(Record excerpts):
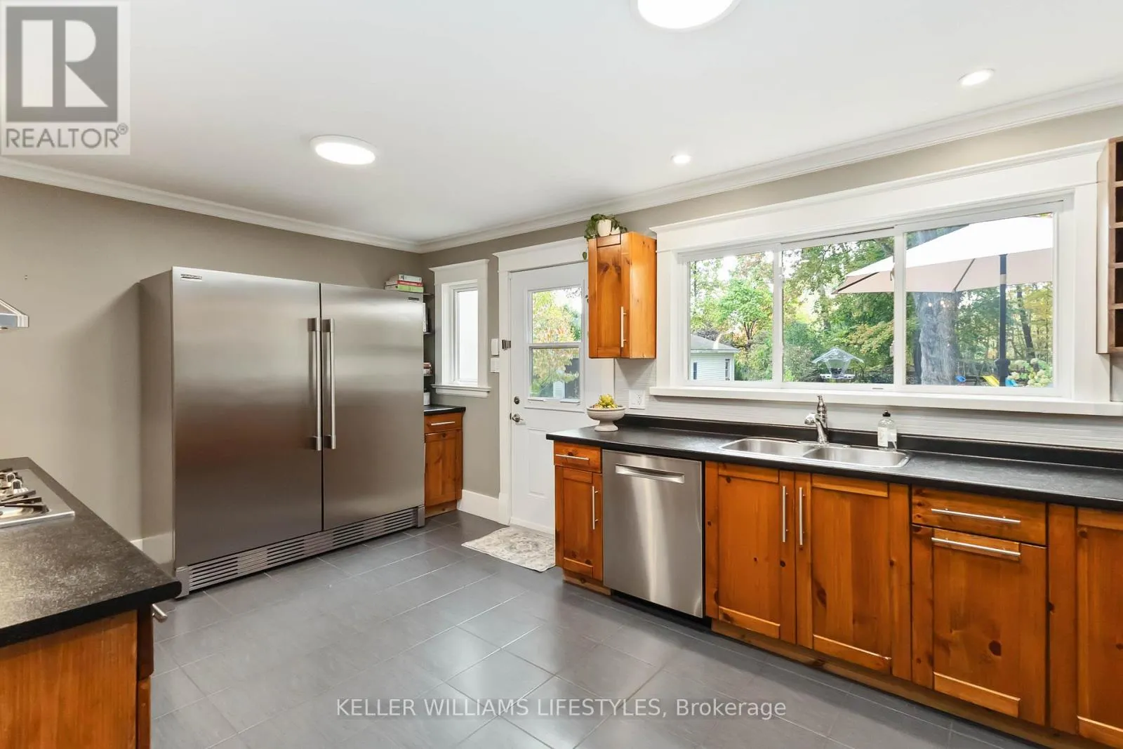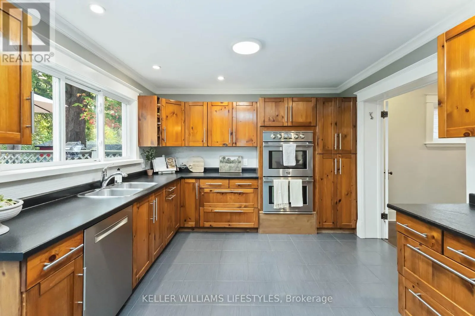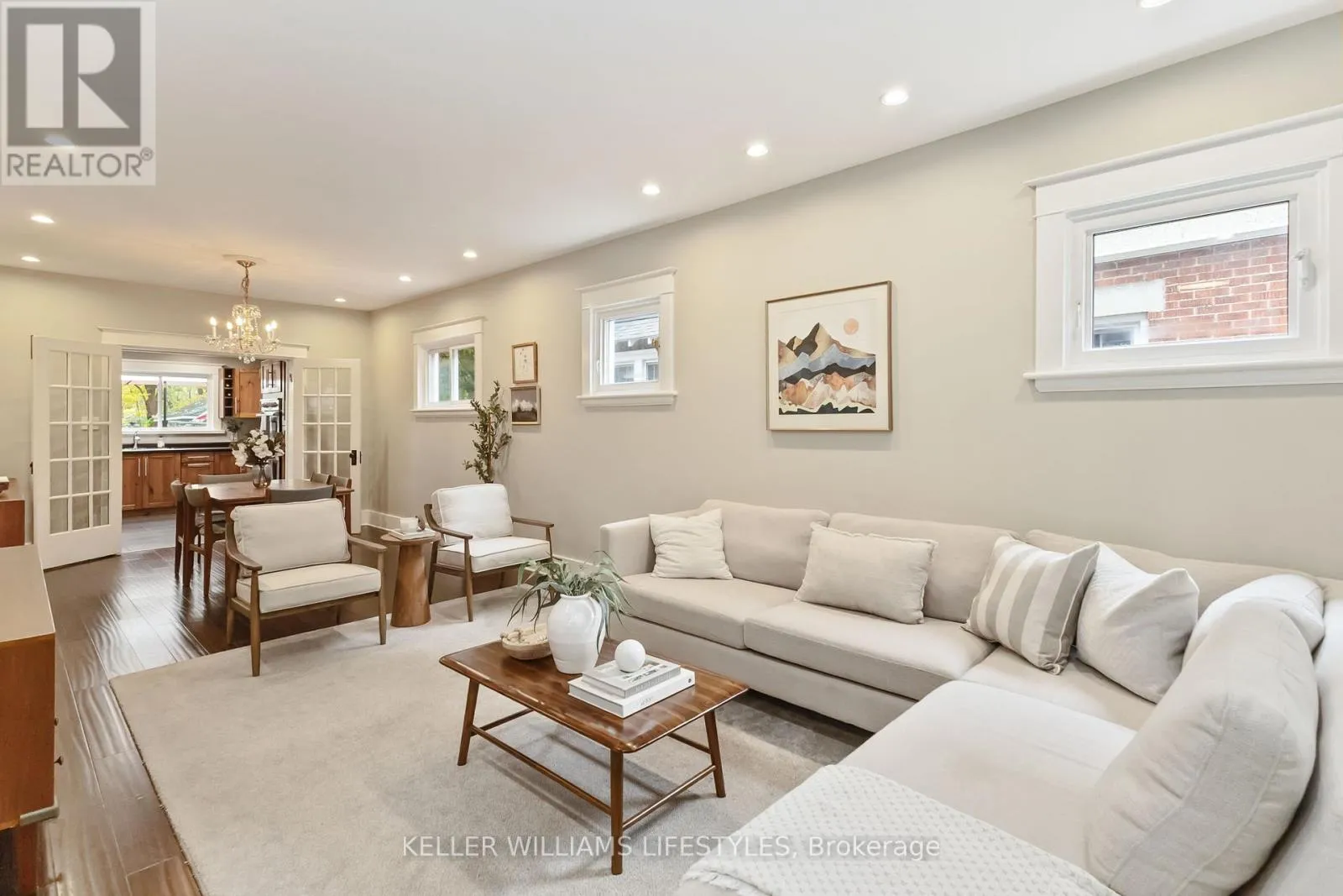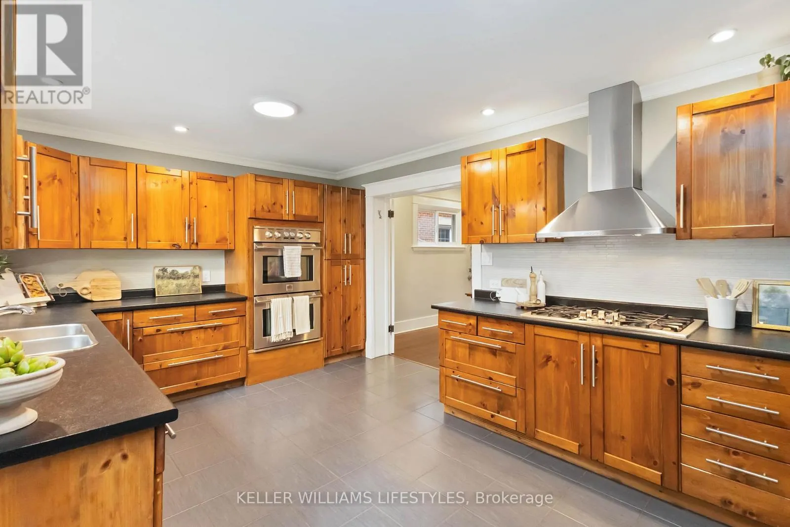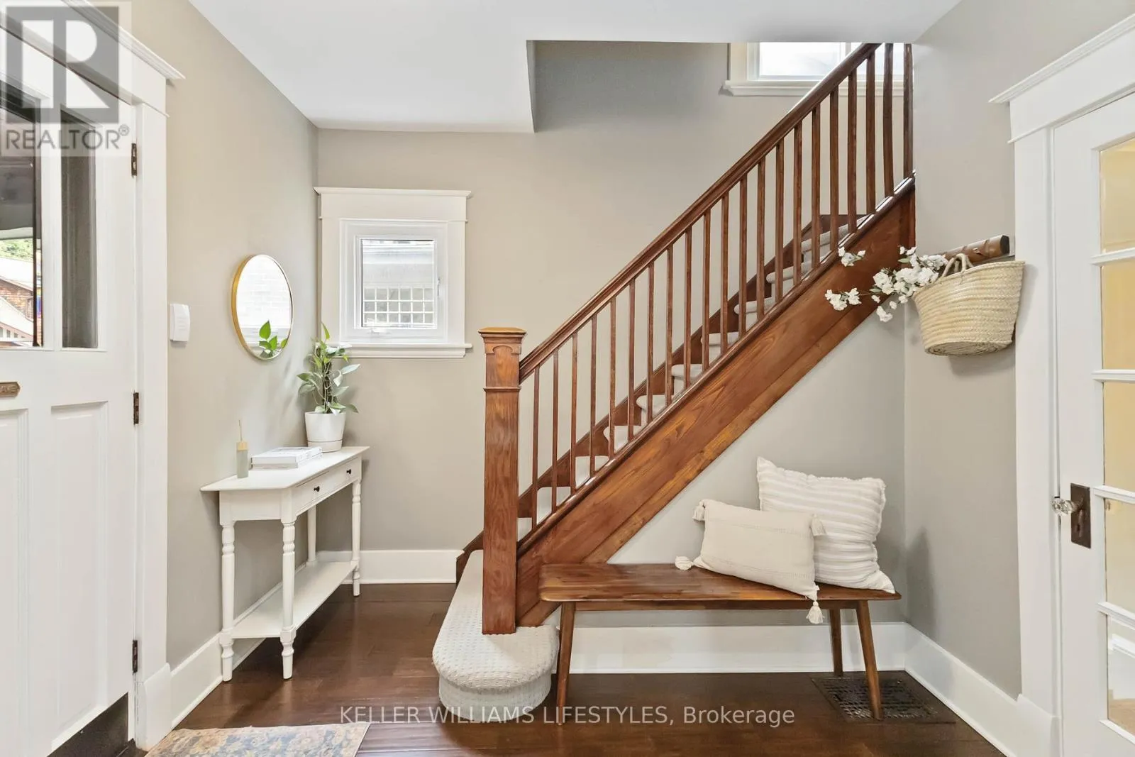 Cross Streets: Wharncliffe/Horton. ** Directions: Wharncliffe to Erie. Welcome to 17 Erie Avenue - A Hidden Gem in the Heart of London. Nestled on a quiet, tree-lined cul-de-sac just steps from Wortley Village and downtown, this lovingly updated century red-brick home blends timeless character with modern comfort. Step inside to discover bright, open-concept living and dining areas with warm bamboo flooring and abundant natural light. The spacious designer kitchen is a chef's dream, featuring double wall ovens, a gas range, a Frigidaire fridge/freezer, and generous storage. A convenient main-floor laundry and powder room complete this thoughtfully designed level. Upstairs, you'll find three inviting bedrooms and an updated four-piece bath with new hardwood floors that add classic charm. The fully finished basement offers exceptional versatility with three distinct spaces - including a cozy theatre room with projector, plus flexible areas perfect for a home office, gym, or creative studio - along with an additional four-piece bath.Enjoy morning coffee on the covered front porch or unwind on the private back deck overlooking lush green space that connects directly to The Coves hiking trails - your own nature retreat right in the city.What truly sets this home apart is its wonderful community. Erie Avenue is a close-knit, welcoming street where neighbours look out for one another, share in seasonal gatherings, and create a sense of warmth that's rare to find. Whether it's kids playing together, friendly chats on the porch, or spontaneous block get-togethers, life here feels both peaceful and connected - a place where you can truly put down roots.With quality updates throughout and an unbeatable location, 17 Erie Avenue perfectly balances historic charm, modern amenities, and a strong sense of community. Don't miss your chance to make this exceptional home your own. (id:27476)
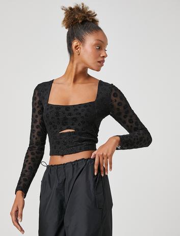 Uzun Kollu Tişört Crop Tül Kare Yaka Simli Pencere Detaylı Sepete Ekle
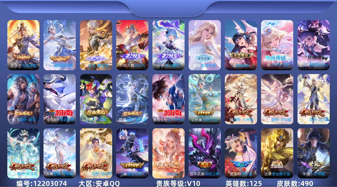 [12203074]V10 2典藏 5无双 7珍品传说 54传说 125英雄 490皮肤 可修改实名 优质装备:九霄神辉(木兰典藏),真我赫兹(瑶)(瑶无双),小乔时之魔女(小乔无双),花合斗,雪境奇遇-甄姬,器灵·螭龙剑,最初的交响(伽罗典藏),江户川柯南,怪盗基德,器灵·落星盏,酷洛米之心,大耳狗之梦,黄金狮子座,黄金射手座,云鹰飞将(小将军),绛天战甲(鸡嘴战神),黄金白羊座,久胜战神,一念神魔,云霓雀翎,仲夏夜之梦(大飞蛾),地狱之眼,飞鸢探春,音你心动-周瑜,乞巧织情,游龙清影(小青龙),淬星耀世,超时空战士-狄仁杰,末日机甲-孙策,碎云,画中仙,浮生妄,电玩·雷克斯,鹤羽星尊,灼幽烈阳,妄想实况,惊梅引,小动物乐团,霜月吟,澜逐花归海,艾琳觅芳踪,牧神诗旅,玄雷天君,千劫归真 珍品传说:时之奇旅-孙策,兔狲·蓬尾 传说皮:典韦战鼓燎原,云诺千山,铠冥王哈迪斯,续相思,星之鸣奏,祥瑞亨通,幻光神枪 珍宝阁皮:妄想食味,胡桃夹子,女武神 限定皮:愿照·九州拓(澜年限),愿照·福禄聚(蔡文姬年限),愿照·岁时盈(虞姬年限),愿照·山河定(司空震年限),愿照·众生和(妲己年限),愿照·千秋盛(女娲年限),逐霄战戟,映山客,陌上桑,鸣野蒿,至尊宝,异界灵契(白毛香),傲雪梅枪,绯月行,时之彼端,魔法小厨娘,时雨天司(水龙头),神威(电光马子),高山流水,诗剑行,齐天大圣,怒海麟威,降魔,五谷丰年,青龙志(铠年限),冰锋战神,梁祝,御风骁将(吕布年限),烈魂,岱宗(典韦年限),天狼溯光者,虎魄,逐梦之音,李小龙,朱雀志(守约年限),孙行者,猪悟能,大圣娶亲,引擎之心,乒乒小将,蜜橘之夏,匿光追影者,神器·万象笔,山海·玄木吟(马可年限),冰霜神祇 史诗皮:鸭鸭历险记-刘禅,飞车小橘子,苍鳞隐世,器灵·浮梦炉,糖绘人间,狼魂孤将,绮世丹青,瑰影绮梦,化蝶舞,灵蛊蚀心,星界战将,谪仙醉月,龙之律动,雪豹·霜爪,藏狐·褐绒,布丁狗之誓,石田雨龙,茶境仙,怒海争锋,炽弈燎原,破空之剑,战舞者,涂山红红,东方月初,蒙犽顽岩魄,埋骨钱,芈月浮光幕影,海诺心动手记,夜落电台,决胜骁骑,百相守梦-百里守约,星界特工,百相守梦-黄忠,遇见神鹿,紫霞仙子,苍穹之光,电玩小子(小书包),白龙吟,黄金分割率,特工魅影,千年之狐,永昼,匿光侦查者,末日机甲-莱西奥,真我赫兹(百里守约),完美假期,闲日渔趣,
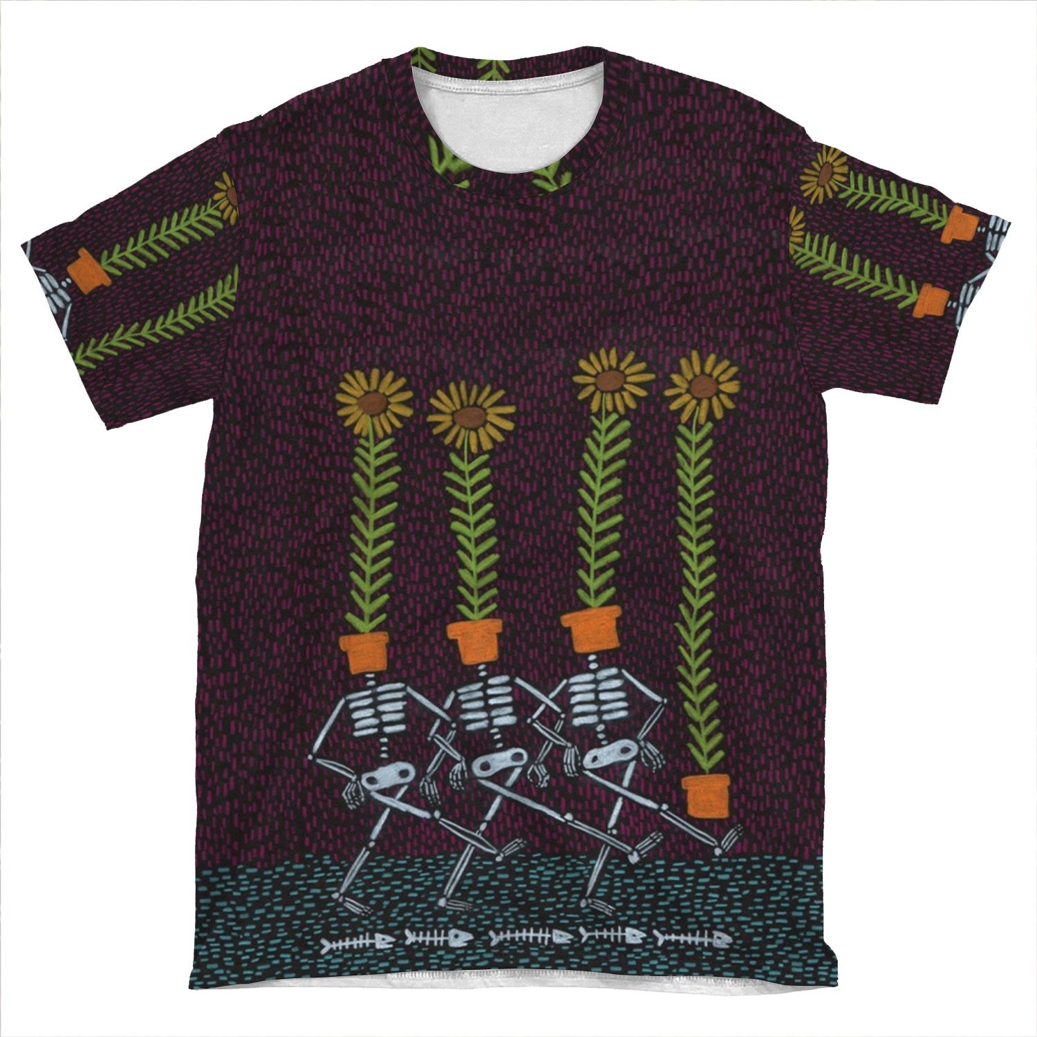 This Sunflower Skeletons AOP T-shirt Tee created to be a versatile and stylish companion for all your casual appearances. With its uniquely textured, thick, microfiber-knit fabric, this t-shirt bears a premium, soft feel that remains lightweight and highly breathable – the perfect combo for a hot day or layering.
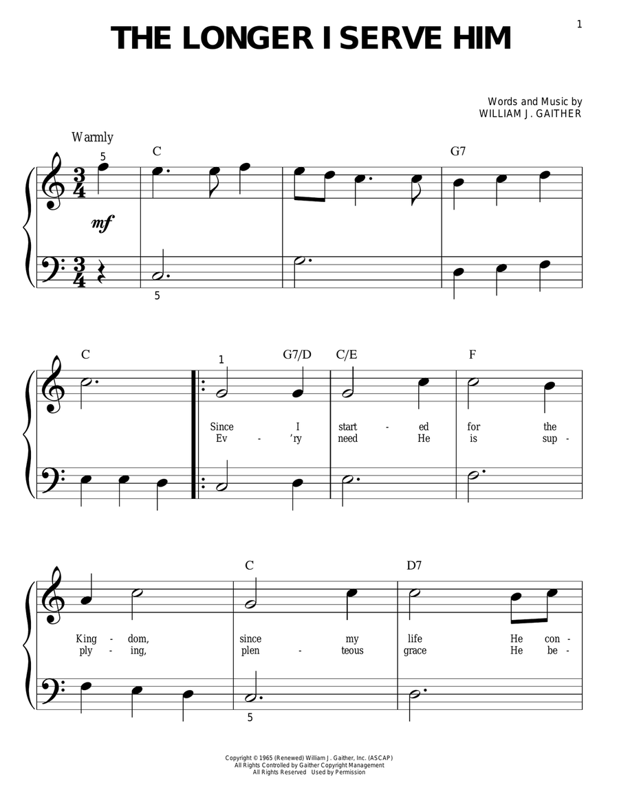 Easy Piano - Level 1 - Digital Download SKU: A0.1079333 Composed by Bill Gaither and Gloria Gaither. Arranged by Samuel Stokes. Praise & Worship,Sacred,Spiritual,Standards. Score. 2 pages. SamuelStokesMusic.com #683535. Published by SamuelStokesMusic.com (A0.1079333). This is an arrangement of I Will Serve Thee for easy piano in C major. Learn more about Samuel Stokes at https://www.SamuelStokesMusic.com.
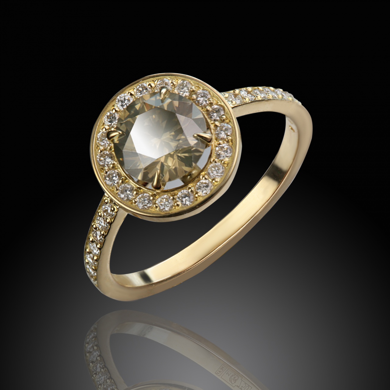 Центральный бриллиант весом 1,08 карат, цвет Natural Fancy Vivid Brown, чистота VS2 (5)
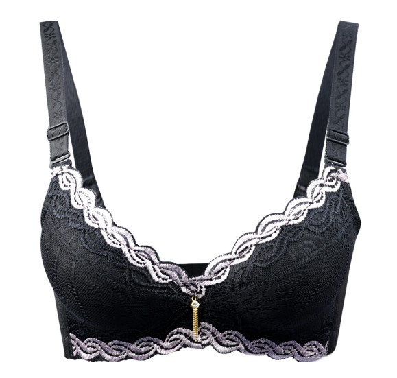 O sutiã é adornado com renda e uma pequena decoração no centro das copas.
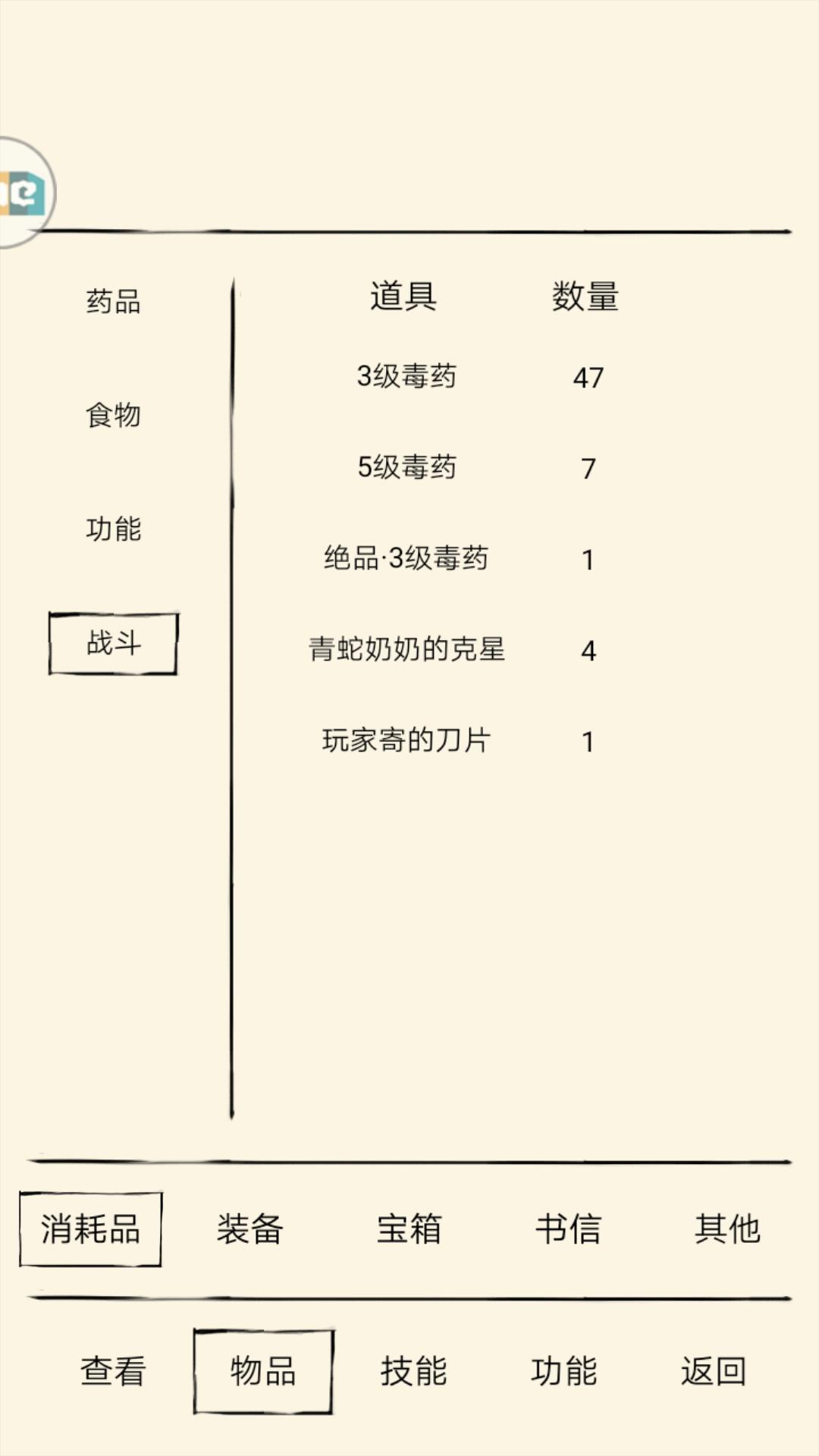 三级毒预料之外没用多少,四级毒五级毒用的挺多,零食剩4个,刀片仙酒剩一个,福地毕业喽
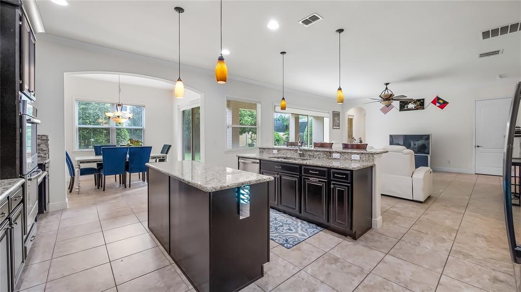 Ceiling Fan(s), Crown Molding, Eating Space In Kitchen, High Ceilings, Kitchen/Family Room Combo, Open Floorplan, Primary Bedroom Main Floor, PrimaryBedroom Upstairs, Solid Wood Cabinets, Split Bedroom, Stone Counters, Tray Ceiling(s), Vaulted Ceiling(s), Walk-In Closet(s), Window Treatments
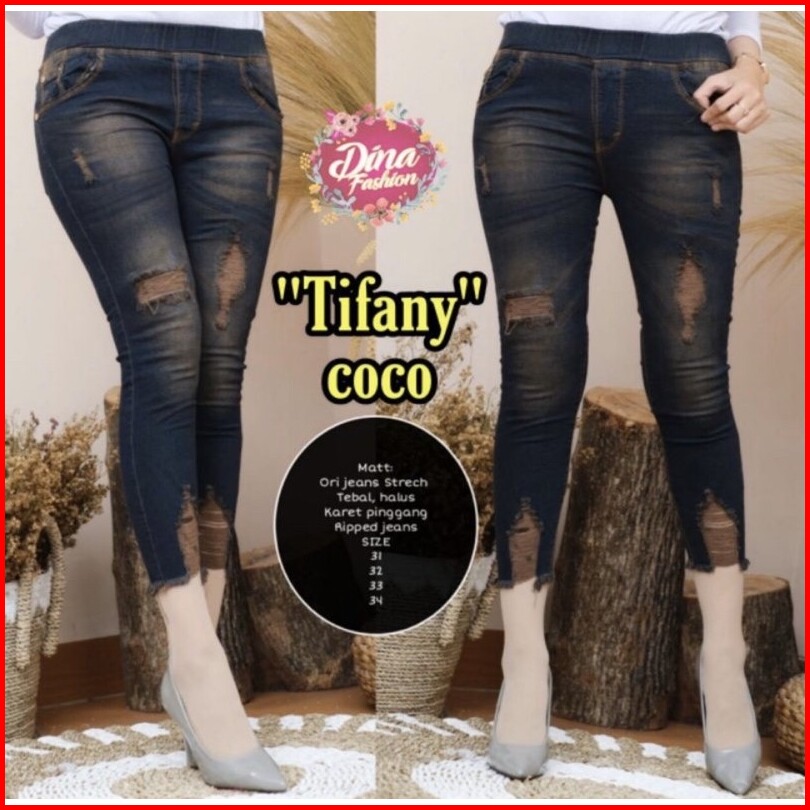 27-38 Tifany Jeans 7 9 Sobek Tidak Tembus Jegging Jeans Sobek Tidak Tembus

(Exercise requirements): Transcribe, word for word, the stretch of lines in the data above from the one with "Easy Piano - Level" through the one with "三级毒预料之外没用多少,四级"; omit all pictures.

(Answer space):
 Easy Piano - Level 1 - Digital Download SKU: A0.1079333 Composed by Bill Gaither and Gloria Gaither. Arranged by Samuel Stokes. Praise & Worship,Sacred,Spiritual,Standards. Score. 2 pages. SamuelStokesMusic.com #683535. Published by SamuelStokesMusic.com (A0.1079333). This is an arrangement of I Will Serve Thee for easy piano in C major. Learn more about Samuel Stokes at https://www.SamuelStokesMusic.com.
 Центральный бриллиант весом 1,08 карат, цвет Natural Fancy Vivid Brown, чистота VS2 (5)
 O sutiã é adornado com renda e uma pequena decoração no centro das copas.
 三级毒预料之外没用多少,四级毒五级毒用的挺多,零食剩4个,刀片仙酒剩一个,福地毕业喽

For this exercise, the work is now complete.